University of Missouri researchers are exploring how explainable artificial intelligence can help detect how people develop cybersickness in augmented and virtual reality.
Exposure to an augmented reality (AR) or virtual reality (VR) environment can cause people to experience cybersickness — a special type of motion sickness with symptoms ranging from dizziness to nausea — and existing research to mitigate the severity of the symptoms often relies upon a one-size-fits-all approach. However, Khaza Anuarul Hoque, an assistant professor in the Department of Electrical Engineering and Computer Science at the University of Missouri, and a team of researchers are working to develop a personalized approach to identifying cybersickness by focusing on the root causes, which can be different for every person.
“Cybersickness is not generic. For instance, one simulation could trigger cybersickness in me while the same simulation may not cause cybersickness for someone else,” said Hoque, who also directs the Dependable Cyber-Physical Systems Laboratory at MU. “One of the problems people typically face when wearing virtual reality or augmented reality headsets is the user experience can get bad after some time, including symptoms of nausea and vomiting, especially if the user is immersed in a virtual environment where a lot of motion is involved. It can depend on many factors, including a person’s gender, age and experience.”

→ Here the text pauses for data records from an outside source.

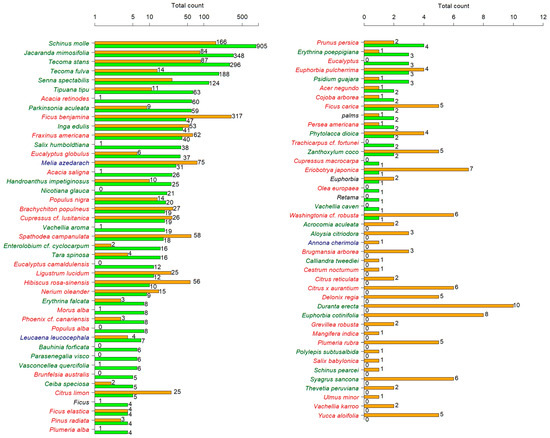 Total counts of tree species individuals in artificial (orange) and natural (green) sections, with color of species names indicating status (green: native; red: cultivated; blue: cultivated/naturalized; black: unknown).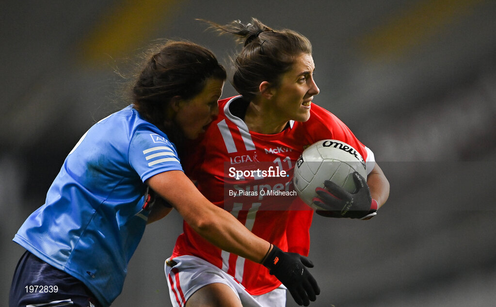 20 December 2020; Ciara O'Sullivan of Cork is tackled by Leah Caffrey of Dublin during the TG4 All-Ireland Senior Ladies Football Championship Final match between Cork and Dublin at Croke Park in Dublin. Photo by Piaras Ó Mídheach/Sportsfile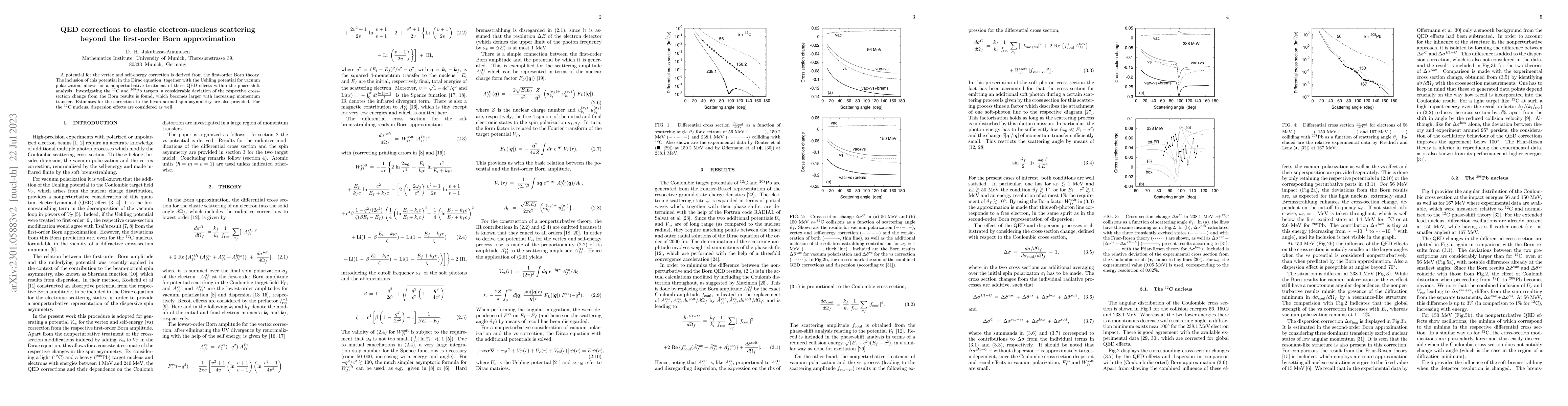 This paper derives a potential for vertex and self-energy corrections to improve the first-order Born approximation in elastic electron-nucleus scattering, incorporating QED effects via the Dirac equation. It finds significant deviations in cross-section changes for 12C and 208Pb targets compared to Born results, especially with higher momentum transfer, and provides estimates for the beam-normal spin asymmetry correction.

Hoque said he wanted to concentrate on a novel angle using explainable AI since it has the potential to transform the AR and VR industry.
“Explainable AI is a great tool to help with this because typically machine learning or deep learning algorithms can tell you what the prediction and the decision may be, whereas explainable AI can also tell the user how and why the AI made the decision,” Hoque said. “So, instead of imposing a static mitigation technique for all users, it will be more effective if we know why a particular person is developing cybersickness and give that person the right mitigation that they need. Explainable AI can help us do that without hindering the user experience.”
In addition to watching his own students experience cybersickness, Hoque noticed academic and industry approaches for identifying cybersickness over the past five to seven years often focused on data-driven techniques such as machine learning (ML) and deep learning (DL).
“Such approaches are often ‘black box,’ and thus, they lack explainability,” Hoque said. “I also realized that the explainability of the DL cybersickness models can significantly improve the model’s understanding and provide insight into why and how these AI models arrived at a specific decision. Furthermore, by identifying and understanding what types of important features could lead to cybersickness, we can help designers develop more effective cybersickness detection models.”
Hoque said explainable AI can also help software developers identify the most important features needed to optimize the model for teaching the AI how to identify someone experiencing cybersickness. This is especially important for users wearing stand-alone VR headsets.
This research was recently presented at the top three conferences for AR/VR research:
- “LiteVR: Interpretable and Lightweight Cybersickness Detection using Explainable AI” was presented at the IEEE Virtual Reality Conference on March 25-29, 2023.
- “VR-LENS: Super Learning-based Cybersickness Detection and Explainable AI-Guided Deployment in Virtual Reality” was presented at the ACM Conference on Intelligent User Interfaces on March 27-31, 2023.
- “TruVR: Trustworthy Cybersickness Detection using Explainable Machine Learning” was presented at the International Symposium on Mixed and Augmented Reality (ISMAR) Conference on October 17-21, 2022.